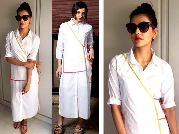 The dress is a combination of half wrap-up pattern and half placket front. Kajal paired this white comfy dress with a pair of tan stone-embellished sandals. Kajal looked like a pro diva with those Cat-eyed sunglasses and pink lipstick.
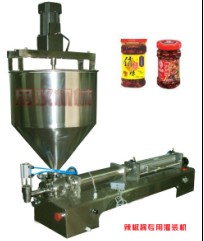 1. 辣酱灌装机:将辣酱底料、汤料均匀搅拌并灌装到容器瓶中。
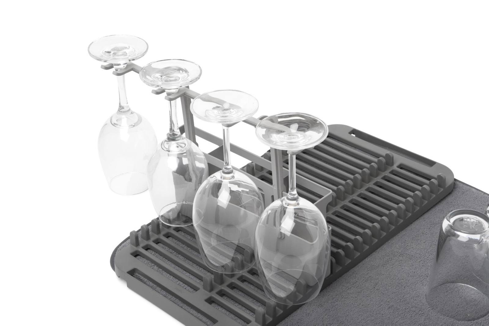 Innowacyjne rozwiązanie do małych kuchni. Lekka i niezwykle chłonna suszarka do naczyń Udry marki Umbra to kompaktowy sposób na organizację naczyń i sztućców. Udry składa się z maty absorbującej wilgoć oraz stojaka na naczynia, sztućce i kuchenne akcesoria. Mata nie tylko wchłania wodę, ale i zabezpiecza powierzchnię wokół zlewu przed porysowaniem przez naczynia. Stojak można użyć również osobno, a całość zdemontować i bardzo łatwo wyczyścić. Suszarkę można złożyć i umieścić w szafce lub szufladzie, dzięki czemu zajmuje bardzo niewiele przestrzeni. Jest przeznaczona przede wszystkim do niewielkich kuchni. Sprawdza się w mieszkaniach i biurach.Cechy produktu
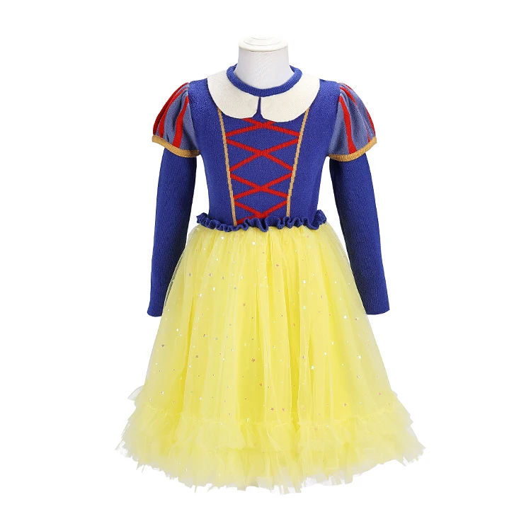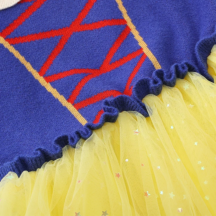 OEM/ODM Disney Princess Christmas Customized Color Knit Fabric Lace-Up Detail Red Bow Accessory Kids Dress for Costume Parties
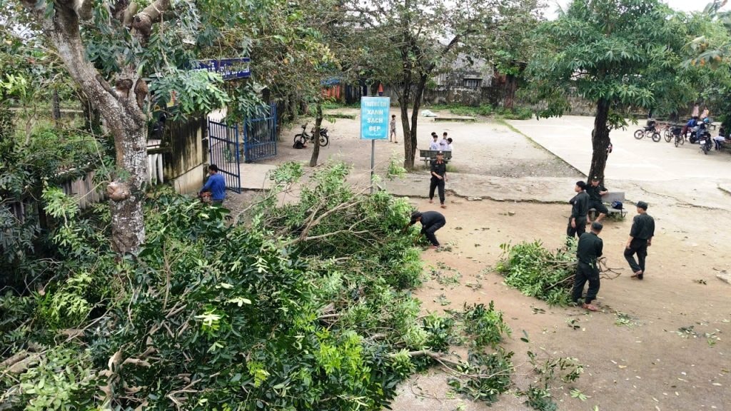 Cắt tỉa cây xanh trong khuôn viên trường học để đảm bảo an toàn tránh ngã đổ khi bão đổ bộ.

WHAT IS EXPECTED >> Do not include images; quote all of the entries above exactly.

ANSWER TO THIS TASK >>
 The dress is a combination of half wrap-up pattern and half placket front. Kajal paired this white comfy dress with a pair of tan stone-embellished sandals. Kajal looked like a pro diva with those Cat-eyed sunglasses and pink lipstick.
 1. 辣酱灌装机:将辣酱底料、汤料均匀搅拌并灌装到容器瓶中。
 Innowacyjne rozwiązanie do małych kuchni. Lekka i niezwykle chłonna suszarka do naczyń Udry marki Umbra to kompaktowy sposób na organizację naczyń i sztućców. Udry składa się z maty absorbującej wilgoć oraz stojaka na naczynia, sztućce i kuchenne akcesoria. Mata nie tylko wchłania wodę, ale i zabezpiecza powierzchnię wokół zlewu przed porysowaniem przez naczynia. Stojak można użyć również osobno, a całość zdemontować i bardzo łatwo wyczyścić. Suszarkę można złożyć i umieścić w szafce lub szufladzie, dzięki czemu zajmuje bardzo niewiele przestrzeni. Jest przeznaczona przede wszystkim do niewielkich kuchni. Sprawdza się w mieszkaniach i biurach.Cechy produktu
 OEM/ODM Disney Princess Christmas Customized Color Knit Fabric Lace-Up Detail Red Bow Accessory Kids Dress for Costume Parties
 Cắt tỉa cây xanh trong khuôn viên trường học để đảm bảo an toàn tránh ngã đổ khi bão đổ bộ.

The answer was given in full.